Nilotinib reduced the activity of PP2A. A, dose-dependent effects of nilotinib on P-PP2A-C, PP2A-C, PP2A-A, and PP2A-B56α. B, dose-dependent effects of nilotinib on PP2A-related proteins. C, treatment of nilotinib reduced the activity of PP2A. D, effects of nilotinib on PP2A activity in PP2A-C-containing lysates. Hep3B cells were immunoprecipitated with anti-PP2A-C then incubated with drugs for 24 h. Columns, mean; bars, S.D. (n = 3). *, p < 0.05.

FIGURE 6.

In vivo effect of nilotinib on PLC5 xeonograft nude mice. A, tumor growth curves of PLC5. Points, mean (n = 6); bars, S.E. *, p < 0.05; **, p < 0.01. B, Western blot analysis of P-AMPK, AMPK, and LC-3 in PLC5 tumors. C, analysis of PP2A activity.
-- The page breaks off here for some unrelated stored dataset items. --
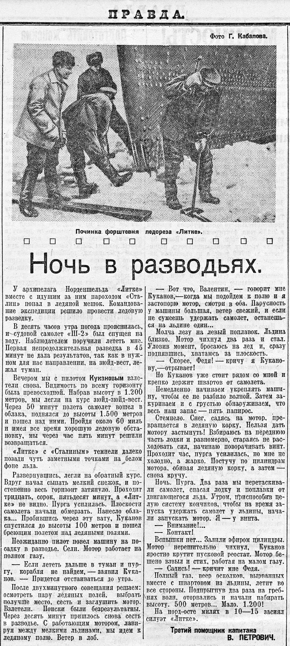 ЛЕДОРЕЗ «ЛИТКЕ», 20 сентября. (Радио спец. корр. «Правды»). Поход «Литке» открыл перед глазами его участников картину огромной работы, проделанной по освоению Севера. С каждой милей пути перед нами развёртывался большой производственный фильм на фоне колоритных красок Севера.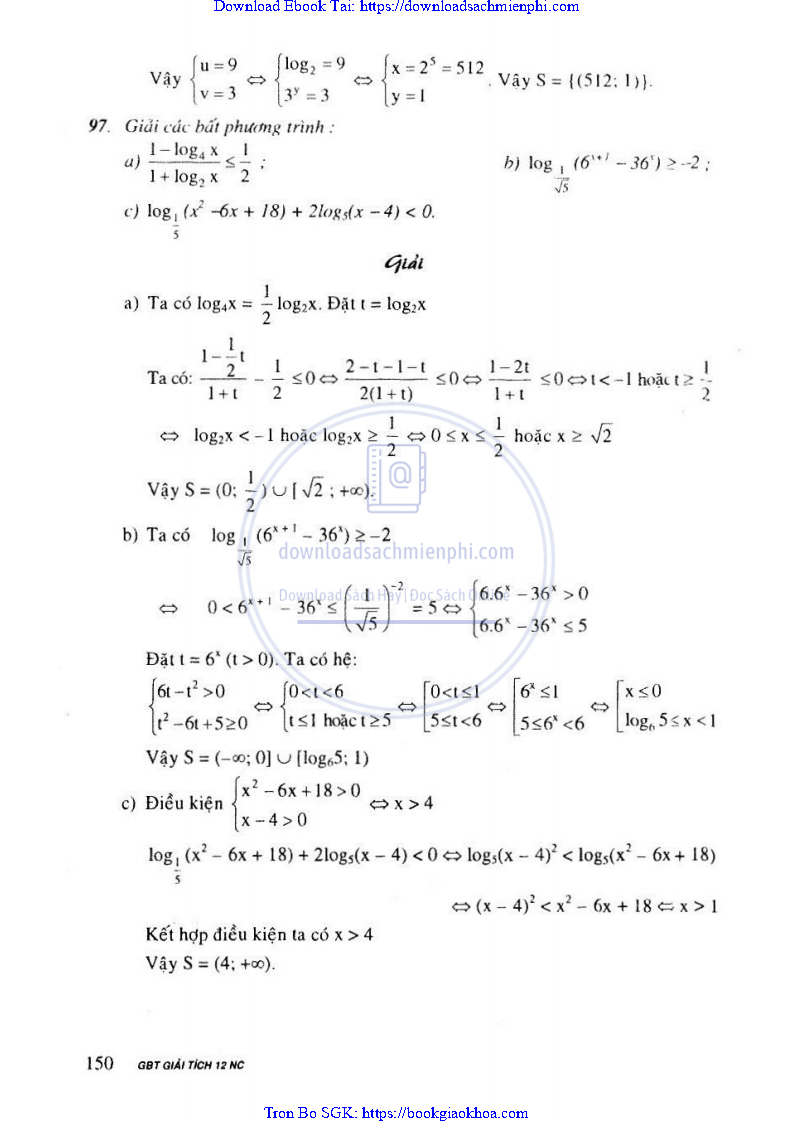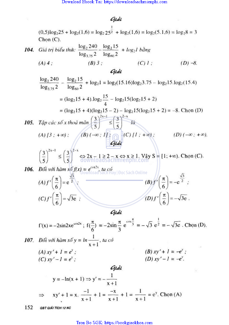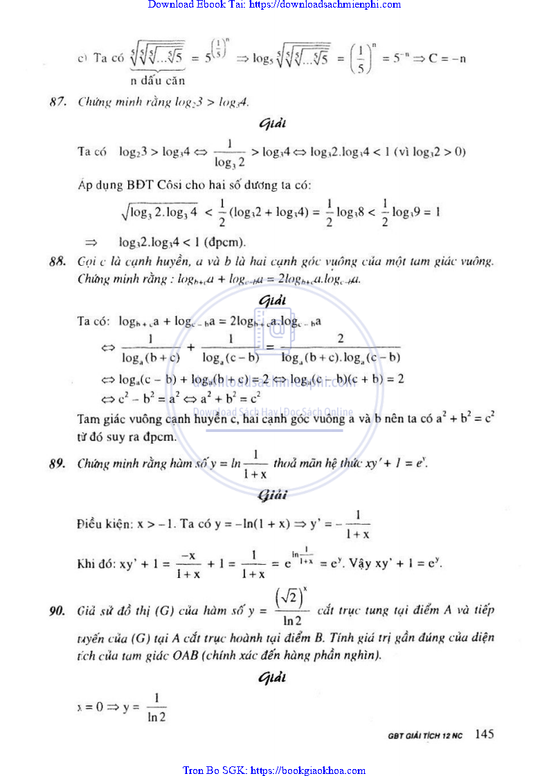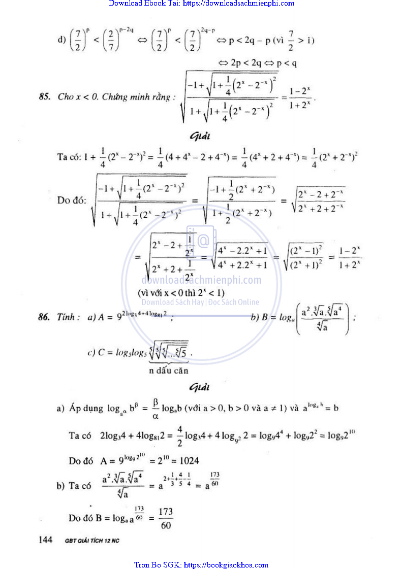 Giải Bài Tập Giải Tích Lớp 12 Nâng Cao – Nguyễn Văn Lộc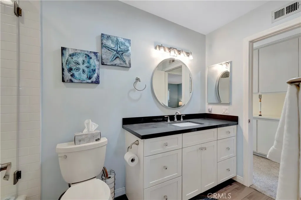 Artists Cottage in Westminster Village Tastefully Updated Two-Story Home! Welcome to this beautifully updated two-story residence in the highly sought-after Westminster Village community, truly embodying the charm of an Artists Cottage. Every detail has been thoughtfully curated, from the inviting front patio to the serene, remodeled backyard retreat. Inside, the home features a bright and open floor plan ideal for entertaining. The spacious living room boasts a romantic fireplace, custom wall paint, scraped ceilings, recessed lighting, and elegant laminate and tile flooring throughout and 1/2 bath first level. The kitchen is a chefs dream, highlighted by a large bay window over the sink that overlooks the tranquil patio, and sliding French doors that open to a private outdoor sitting area. Upstairs, youll find two bedrooms and remodeled 1 full bath with Solar Tube, including an oversized primary suite with a walk-in closet, wall-to-wall mirrored wardrobe, and a built-in organizer. Ceiling fans throughout the home add both style and comfort, while dual-pane windows and plantation shutters enhance energy efficiency and privacy. Additional features include a two-car garage with built-in cabinetry and the refreshing coastal breeze that flows through the home. HOA dues cover fire and earthquake insurance, roof and exterior maintenance, landscaping, and more. Westminster Village offers resort-style amenities including four sparkling pools, tennis courts, three playgrounds, greenbelts, meandering streams, and scenic pathways. The main clubhouse features a large recreation room w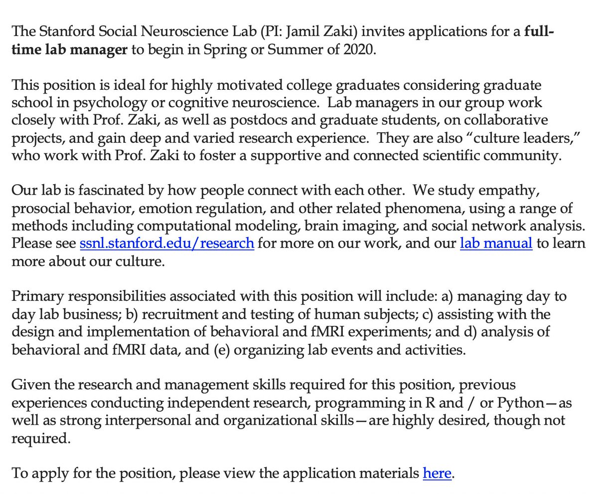 My lab is hiring a new lab manager / research coordinator for next year! Come do research in social cognitive development at Yale! Application details: https://bit.ly/2Rcu6kD Info on the lab: http://socialcogdev.com Initial deadline is March 1st. Please RT!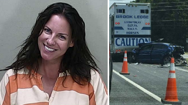 Angenette Welk, 44, was arrested last Thursday in Marion County after officers said she failed to brake in time and rear-ended a Hyundai Elantra, which ended up crushed between Welk’s vehicle and a tractor-trailer in front, WKMG reported. The crash happened just after 12 p.m.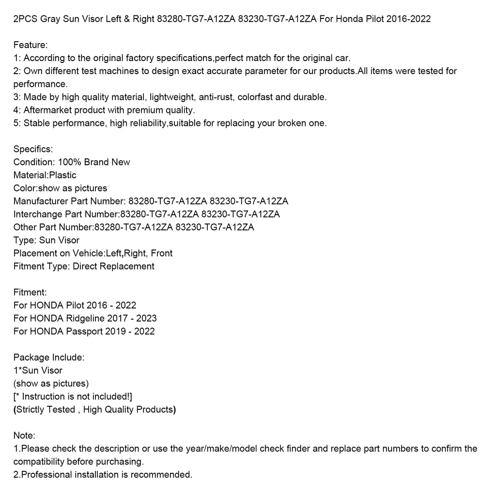 2PCS Gray Sun Visor Left & Right 83280-TG7-A12ZA 83230-TG7-A12ZA For Honda Pilot 2016-2022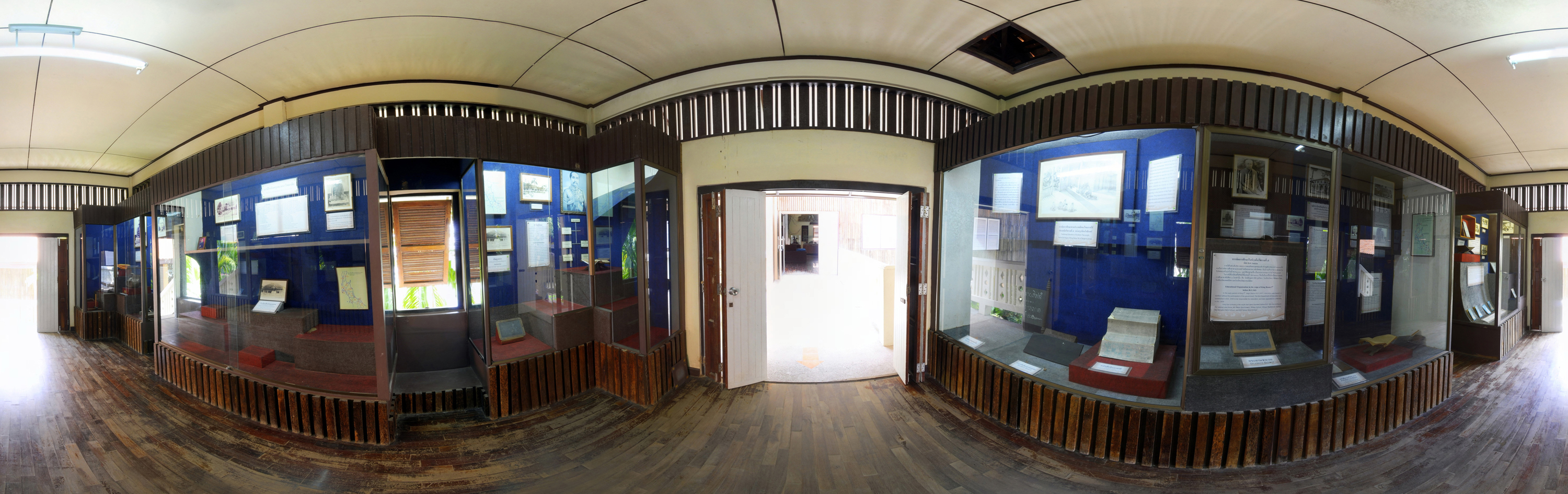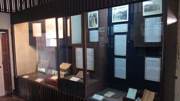 แบ่งหัวข้อการจัดแสดงออกเป็น ๔ หัวข้อ ได้แก่ ประการแรก การจัดการศึกษาตามประเพณีของไทยภาคใต้ ก่อนสมัยรัชกาลที่ ๕ แห่งกรุงรัตนโกสินทร์ซึ่งวัดมีบทบาทในฐานะเป็นที่เรียนหนังสือโดยมีพระสงฆ์เป็นเสมือนครูผู้สอน เป็นการฝึกหัดอ่าน เขียน อุปกรณ์ที่ใช้เป็นกระดานนอโม และสมุดไทย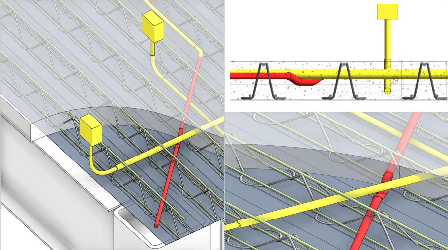 在項(xiàng)目實(shí)際建設(shè)過程中,常選用業(yè)內(nèi)認(rèn)可度高的鋼筋桁架樓承板,鋼筋桁架與底板通過電阻點(diǎn)焊連接成整體的組合承重板,目前已經(jīng)實(shí)現(xiàn)了機(jī)械化生產(chǎn)。它極大地提高樓板施工質(zhì)量,顯著加快施工進(jìn)度,保證施工安全。

Columns, mean; bars, S.D. (n = 6). *, p < 0.05 versus vehicle group.

FIGURE 7.

Inhibition of autophagy reduced the anti-tumor effect of nilotinib in vitro and in vivo. A, co-treatment with autophagy inhibitors, 3-methyladenine (3-MA, 1 mm) or hydroxychloroquine (HCQ, 10 μm), reduced the effect of nilotinib on cell death. Cells were treated with nilotinib at10 μm and/or 3-MA/HCQ for 24 h. Cell viability was analyzed by MTT assay. B, combination of nilotinib and HCQ reduced the effect of nilotinib on Huh-7 tumors. Points, mean (n = 6); bars, S.E. *, p < 0.05; **, p < 0.01. (nilotinib group versus nilotinib plus HCQ group). C, Western blot analysis of P-AMPK, AMPK, and LC-3 in Huh-7 tumors.